What the task requires: Please reproduce the final stretch of the listing below: the line that contains "Ring rosa stenar" and all lines after it, verbatim, with nothing else.

Exercise data:
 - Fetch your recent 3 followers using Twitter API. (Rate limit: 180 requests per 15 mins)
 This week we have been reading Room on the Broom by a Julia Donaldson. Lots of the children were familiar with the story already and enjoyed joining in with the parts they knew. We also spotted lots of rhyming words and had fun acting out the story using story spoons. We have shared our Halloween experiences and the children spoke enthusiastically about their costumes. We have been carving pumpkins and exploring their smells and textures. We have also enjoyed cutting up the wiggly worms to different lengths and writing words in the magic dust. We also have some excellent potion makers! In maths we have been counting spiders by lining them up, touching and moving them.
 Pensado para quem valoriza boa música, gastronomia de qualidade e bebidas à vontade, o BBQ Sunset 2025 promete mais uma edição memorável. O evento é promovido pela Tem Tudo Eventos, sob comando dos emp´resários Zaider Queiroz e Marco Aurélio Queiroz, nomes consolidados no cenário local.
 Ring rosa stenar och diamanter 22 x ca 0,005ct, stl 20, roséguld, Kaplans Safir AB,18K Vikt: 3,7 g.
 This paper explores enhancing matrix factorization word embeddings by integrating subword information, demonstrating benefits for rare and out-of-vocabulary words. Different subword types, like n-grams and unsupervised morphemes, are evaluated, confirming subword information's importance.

Exercise solution:
 Ring rosa stenar och diamanter 22 x ca 0,005ct, stl 20, roséguld, Kaplans Safir AB,18K Vikt: 3,7 g.
 This paper explores enhancing matrix factorization word embeddings by integrating subword information, demonstrating benefits for rare and out-of-vocabulary words. Different subword types, like n-grams and unsupervised morphemes, are evaluated, confirming subword information's importance.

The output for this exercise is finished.